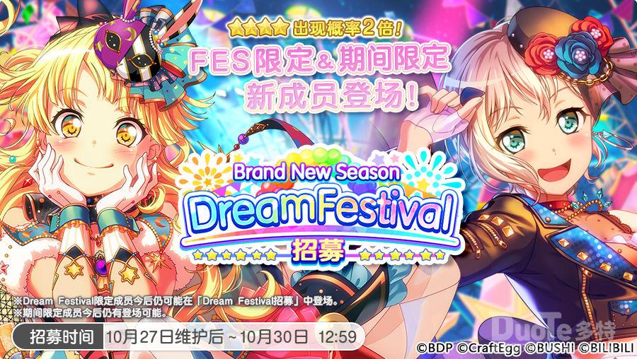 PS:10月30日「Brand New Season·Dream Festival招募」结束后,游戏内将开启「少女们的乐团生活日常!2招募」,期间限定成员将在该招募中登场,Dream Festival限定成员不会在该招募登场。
==
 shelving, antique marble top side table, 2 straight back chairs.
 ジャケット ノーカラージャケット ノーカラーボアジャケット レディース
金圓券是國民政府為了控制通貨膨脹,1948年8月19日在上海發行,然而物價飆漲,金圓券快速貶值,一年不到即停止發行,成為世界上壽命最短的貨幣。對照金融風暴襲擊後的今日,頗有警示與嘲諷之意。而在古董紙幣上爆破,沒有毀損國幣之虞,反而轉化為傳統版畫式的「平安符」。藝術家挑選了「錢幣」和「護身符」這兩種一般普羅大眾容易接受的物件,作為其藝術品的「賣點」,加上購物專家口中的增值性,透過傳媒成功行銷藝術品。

WHAT TO PRODUCE: Beginning with the line above that contains "ジャケット ノーカラージャケット ノーカラーボアジャケット レディース", copy each line exactly up to and including the line that contains "金圓券是國民政府為了控制通貨", and go no further.

EXPECTED ANSWER:
 ジャケット ノーカラージャケット ノーカラーボアジャケット レディース
金圓券是國民政府為了控制通貨膨脹,1948年8月19日在上海發行,然而物價飆漲,金圓券快速貶值,一年不到即停止發行,成為世界上壽命最短的貨幣。對照金融風暴襲擊後的今日,頗有警示與嘲諷之意。而在古董紙幣上爆破,沒有毀損國幣之虞,反而轉化為傳統版畫式的「平安符」。藝術家挑選了「錢幣」和「護身符」這兩種一般普羅大眾容易接受的物件,作為其藝術品的「賣點」,加上購物專家口中的增值性,透過傳媒成功行銷藝術品。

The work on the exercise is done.